The Fear Arrives at a Birthday Party
The urge that had kept me home all of last weekend had completely inverted by Friday: I had to get out, or something was going to give. So I ended up at a stranger’s birthday party in some village, which wasn’t quite the escape I needed. Everything checked out on paper—decent music, cute girls, free alcohol until the room stopped making sense—but underneath all the drunk laughing something crept in. Fear of Berlin. It came quietly, the way bad feelings do when you’ve had just enough to drink that your defenses are down but not enough to stop thinking. The fear wasn’t really of the city itself. It was the same fear I have about dying—not death, but the forced removal from the game. The idea that once I leave, everything I’ve built here in terms of interaction just stops. That kind of imposed helplessness does something to me.
I hate having too much time inside my own head. The ghosts drift in uninvited, soft and unannounced, and suddenly I’m missing things I was certain I’d gotten past.
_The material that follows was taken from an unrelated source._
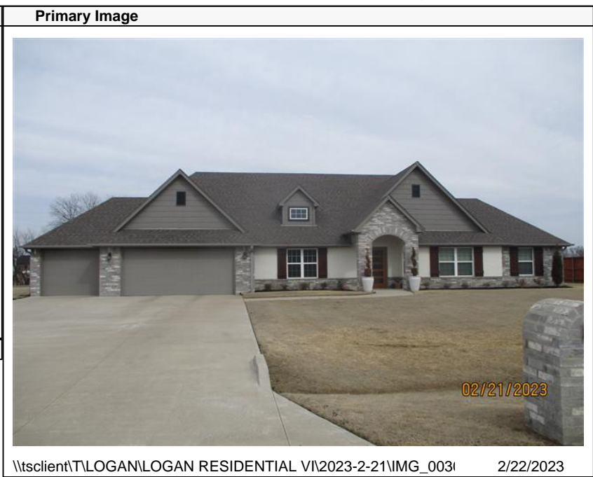
\\tsclient\T\LOGAN\LOGAN RESIDENTIAL VI\2023-2-21\IMG_003I 2/22/2023

My iTunes wasn’t producing enough genuinely mournful songs to let me sink all the way in, which was probably fine. Two things actually helped: The Simpsons Movie, which kept the dark stuff at bay for about two hours, and a postcard from Nicki, written from vacation on Rügen. Sweet that you thought to send it. I hope whatever plan you have to free yourself and reclaim your life catches a little this way. Especially on Sundays—which, by long experience, is my most vulnerable day for this particular bittersweet condition of mine.